# 2008 Mini Cooper



## twosevennine (Jun 30, 2009)

This is my 2nd revision of the stereo in this car. Previous stereo took too much power out of my small electrical system, and I put wayyy too much sound deadening material to try make the car quieter. For how much i used, there was always noise coming from somewhere... and i think i must have added 100lb+ too this car. NOT WORTH IT. But other then that it sounded fine, except for the few pops and whines it made lol. I am not a professional installer and only do this as a hobby. If you have any advice to what I am doing please feel free to jump in! 

New System Goals:
1)Cut down on weight
-remove sound deadening material and MLV
2)Boost Efficiency
-efficient amplification, fewer watts 
3)Improve SQ 
-imaging, distortion, pops, whines 

Gear:
Headunit- Stock
Processor- Alpine PXE-h650
AMP(s)- Kenwood Excelon xr-4s (120w x4 @4ohm) & xr-1s (700w x1 @2ohm)
Front Stage- CDT PSS-626i, w/ CDT ES-010 as image tweet, passive for now
Rear Fill: CDT M6+ as midbass 
Sub: Currently IDQ12v3d4 
Wire: All KnuKonceptz, 4g split into 8g power & ground to each amp. 16g speaker wire, Krystal RCA cables. 









The Ride:


----------



## cleung (Feb 11, 2010)

nice, how do you like that alpine processor?


----------



## twosevennine (Jun 30, 2009)

havent stared the build yet!  will post pics and mini reviews as i go


----------



## Arthurk (Feb 10, 2009)

Here ya go!
Mini Cooper Wall Thread, Version 2 - The Forum


----------



## twosevennine (Jun 30, 2009)

DAY 1: Tear Down
















































































Took at least 25lbs of mlv/deadener out of each door. very happy about that! The last pic of the door you can see what is left, i just did a single layer of bxtII. Didnt get pics of all the old gear, not that it matters.


----------



## ebrahim (Sep 21, 2009)

I just wanna know how does the car drive? I am curious and I was wondering if the car is worth what they retail for.

Thank you.



twosevennine said:


> This is my 2nd revision of the stereo in this car. Previous stereo took too much power out of my small electrical system, and I put wayyy too much sound deadening material to try make the car quieter. For how much i used, there was always noise coming from somewhere... and i think i must have added 100lb+ too this car. NOT WORTH IT. But other then that it sounded fine, except for the few pops and whines it made lol. I am not a professional installer and only do this as a hobby. If you have any advice to what I am doing please feel free to jump in!
> 
> New System Goals:
> 1)Cut down on weight
> ...


----------



## twosevennine (Jun 30, 2009)

Well, its BMW engineering... hard to beat. I love the car. Hauls ass you would be surprised! Just remember the car was designed to be light weight, so its a little noisy compared to say an actual BMW.


----------



## ebrahim (Sep 21, 2009)

I wonder if this car can handle "Transporter" driving without loosing it. I am just curious because you never know I may get one later on in life.





twosevennine said:


> Well, its BMW engineering... hard to beat. I love the car. Hauls ass you would be surprised! Just remember the car was designed to be light weight, so its a little noisy compared to say an actual BMW.


----------



## sinister mob (Jan 11, 2010)

ebrahim said:


> I wonder if this car can handle "Transporter" driving without loosing it. I am just curious because you never know I may get one later on in life.

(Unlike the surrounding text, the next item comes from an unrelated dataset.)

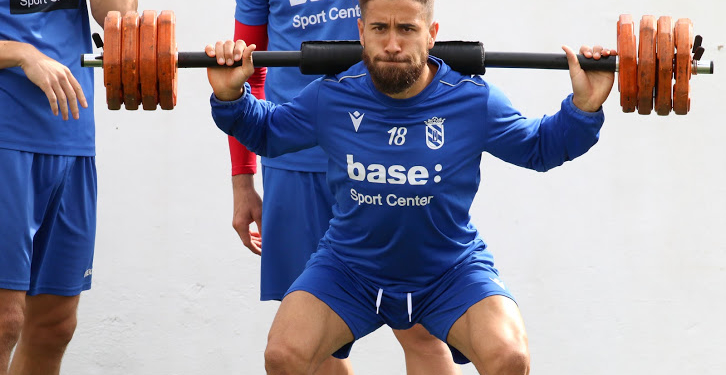 Una sesión, la de ayer, que estuvo dividida en dos partes. Una primera en la que la plantilla, dividida por grupos y por diferentes estaciones de trabajo, realizaba diferentes ejercicios de fuerza y velocidad por espacio de cuarenta minutos junto al preparador físico azulino Carlos Gómez.

Rent _The Italian Job_. Enough said.

That garage looks fun to play in....


----------



## ebrahim (Sep 21, 2009)

Saw the movie and loved the driving scenes.



sinister mob said:


> Rent _The Italian Job_. Enough said.
> 
> That garage looks fun to play in....


----------



## The Baron Groog (Mar 15, 2010)

ebrahim said:


> I just wanna know how does the car drive? I am curious and I was wondering if the car is worth what they retail for.
> 
> Thank you.


Mini's are great little cars. More suited to the lovely twisty roads of Europe Noisy, but you're grinning all the way!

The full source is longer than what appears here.